Data extracted from a collection
□ □ □ □ □ □ □
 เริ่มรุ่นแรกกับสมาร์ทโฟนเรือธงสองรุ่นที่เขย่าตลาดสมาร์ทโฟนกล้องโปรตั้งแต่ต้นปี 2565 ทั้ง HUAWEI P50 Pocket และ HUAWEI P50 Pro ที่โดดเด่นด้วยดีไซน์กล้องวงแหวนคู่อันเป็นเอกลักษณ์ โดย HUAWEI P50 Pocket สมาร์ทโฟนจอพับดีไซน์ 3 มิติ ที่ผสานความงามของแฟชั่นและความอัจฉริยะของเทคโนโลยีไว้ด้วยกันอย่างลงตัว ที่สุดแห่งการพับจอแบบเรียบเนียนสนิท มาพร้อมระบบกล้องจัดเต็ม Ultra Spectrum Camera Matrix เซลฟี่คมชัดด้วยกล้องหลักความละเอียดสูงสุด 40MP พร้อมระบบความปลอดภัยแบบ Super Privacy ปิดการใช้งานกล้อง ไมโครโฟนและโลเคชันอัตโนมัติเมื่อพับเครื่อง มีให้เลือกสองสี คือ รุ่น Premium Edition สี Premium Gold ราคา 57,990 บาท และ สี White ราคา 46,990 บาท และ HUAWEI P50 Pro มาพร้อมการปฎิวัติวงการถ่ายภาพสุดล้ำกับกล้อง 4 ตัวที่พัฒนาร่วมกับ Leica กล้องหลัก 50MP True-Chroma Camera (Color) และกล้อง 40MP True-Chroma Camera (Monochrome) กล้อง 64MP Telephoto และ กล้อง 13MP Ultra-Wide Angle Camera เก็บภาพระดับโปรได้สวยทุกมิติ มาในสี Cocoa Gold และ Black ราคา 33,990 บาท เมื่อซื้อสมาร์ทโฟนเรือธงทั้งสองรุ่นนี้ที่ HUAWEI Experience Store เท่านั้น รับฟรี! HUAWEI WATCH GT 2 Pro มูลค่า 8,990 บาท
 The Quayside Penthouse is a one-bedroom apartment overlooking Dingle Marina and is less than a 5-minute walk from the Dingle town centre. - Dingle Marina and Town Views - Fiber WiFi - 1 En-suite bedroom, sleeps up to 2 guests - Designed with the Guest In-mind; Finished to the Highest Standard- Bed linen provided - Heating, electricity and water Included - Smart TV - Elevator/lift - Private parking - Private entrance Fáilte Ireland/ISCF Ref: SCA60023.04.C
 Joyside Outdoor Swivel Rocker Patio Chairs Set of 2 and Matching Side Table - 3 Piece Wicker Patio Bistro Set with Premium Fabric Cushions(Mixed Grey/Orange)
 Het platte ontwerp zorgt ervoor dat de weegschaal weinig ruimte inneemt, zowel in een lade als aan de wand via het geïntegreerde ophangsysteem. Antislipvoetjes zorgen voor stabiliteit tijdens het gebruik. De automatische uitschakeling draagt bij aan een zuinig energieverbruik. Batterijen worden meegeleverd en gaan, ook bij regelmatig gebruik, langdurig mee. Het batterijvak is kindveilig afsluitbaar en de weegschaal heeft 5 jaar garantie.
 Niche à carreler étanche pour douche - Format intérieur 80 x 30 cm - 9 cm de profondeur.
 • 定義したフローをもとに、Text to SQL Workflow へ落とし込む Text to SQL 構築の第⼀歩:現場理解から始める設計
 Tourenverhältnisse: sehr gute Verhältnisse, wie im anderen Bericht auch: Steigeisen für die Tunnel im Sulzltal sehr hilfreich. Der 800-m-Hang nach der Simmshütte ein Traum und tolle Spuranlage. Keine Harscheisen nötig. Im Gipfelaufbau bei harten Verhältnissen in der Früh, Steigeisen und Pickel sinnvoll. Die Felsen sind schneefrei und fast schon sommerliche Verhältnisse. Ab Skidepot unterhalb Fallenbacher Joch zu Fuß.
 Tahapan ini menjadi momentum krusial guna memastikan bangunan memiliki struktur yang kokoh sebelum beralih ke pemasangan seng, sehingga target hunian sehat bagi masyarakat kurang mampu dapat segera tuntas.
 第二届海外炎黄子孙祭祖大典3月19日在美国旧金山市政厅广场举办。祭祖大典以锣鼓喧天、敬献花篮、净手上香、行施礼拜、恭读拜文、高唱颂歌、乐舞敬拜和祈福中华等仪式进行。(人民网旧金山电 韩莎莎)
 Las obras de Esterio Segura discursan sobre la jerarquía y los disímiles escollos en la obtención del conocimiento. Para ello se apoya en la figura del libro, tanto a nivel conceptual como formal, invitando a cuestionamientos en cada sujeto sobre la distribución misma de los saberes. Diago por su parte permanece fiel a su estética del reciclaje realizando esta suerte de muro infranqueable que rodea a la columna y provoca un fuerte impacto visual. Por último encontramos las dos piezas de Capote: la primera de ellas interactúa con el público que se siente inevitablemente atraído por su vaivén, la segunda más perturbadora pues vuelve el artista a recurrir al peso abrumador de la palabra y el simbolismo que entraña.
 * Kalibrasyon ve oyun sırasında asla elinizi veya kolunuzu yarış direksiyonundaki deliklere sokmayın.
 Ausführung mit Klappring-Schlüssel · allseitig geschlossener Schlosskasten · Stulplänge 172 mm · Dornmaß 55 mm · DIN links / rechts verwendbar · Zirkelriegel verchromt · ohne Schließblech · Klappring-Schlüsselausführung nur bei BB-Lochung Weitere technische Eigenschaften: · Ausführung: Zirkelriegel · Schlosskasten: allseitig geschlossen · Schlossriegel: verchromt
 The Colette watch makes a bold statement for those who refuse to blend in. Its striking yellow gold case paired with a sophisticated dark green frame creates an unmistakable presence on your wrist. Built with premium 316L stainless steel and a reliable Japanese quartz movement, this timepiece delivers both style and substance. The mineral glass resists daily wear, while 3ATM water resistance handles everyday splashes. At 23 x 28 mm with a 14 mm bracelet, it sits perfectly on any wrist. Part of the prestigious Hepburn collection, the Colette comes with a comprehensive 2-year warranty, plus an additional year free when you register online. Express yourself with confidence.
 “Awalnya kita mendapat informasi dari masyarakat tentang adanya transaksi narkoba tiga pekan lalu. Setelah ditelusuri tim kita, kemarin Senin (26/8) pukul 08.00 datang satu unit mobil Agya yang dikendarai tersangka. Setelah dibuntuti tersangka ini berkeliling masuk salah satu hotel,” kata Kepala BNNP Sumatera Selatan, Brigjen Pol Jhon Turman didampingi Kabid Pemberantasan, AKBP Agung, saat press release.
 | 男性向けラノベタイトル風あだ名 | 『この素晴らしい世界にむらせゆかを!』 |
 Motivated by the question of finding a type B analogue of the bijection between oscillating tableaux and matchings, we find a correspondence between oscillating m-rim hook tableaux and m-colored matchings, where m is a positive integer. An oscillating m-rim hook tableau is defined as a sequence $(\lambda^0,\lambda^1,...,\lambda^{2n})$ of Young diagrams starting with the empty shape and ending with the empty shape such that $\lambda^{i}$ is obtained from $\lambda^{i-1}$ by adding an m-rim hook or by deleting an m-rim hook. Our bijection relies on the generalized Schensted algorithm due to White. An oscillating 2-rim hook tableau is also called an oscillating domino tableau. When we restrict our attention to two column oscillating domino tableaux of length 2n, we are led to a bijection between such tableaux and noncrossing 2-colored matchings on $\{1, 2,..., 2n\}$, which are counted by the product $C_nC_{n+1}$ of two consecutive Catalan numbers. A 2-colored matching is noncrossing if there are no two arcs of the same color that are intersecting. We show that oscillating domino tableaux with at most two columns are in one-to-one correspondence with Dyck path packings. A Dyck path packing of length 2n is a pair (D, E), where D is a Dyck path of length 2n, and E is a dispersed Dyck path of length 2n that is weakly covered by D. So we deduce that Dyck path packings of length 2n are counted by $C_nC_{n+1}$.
□ □ □ □ □ □ □
Your answer should be a single number: the count of lines above that contain the word "water".

▶ [Your solution]: 2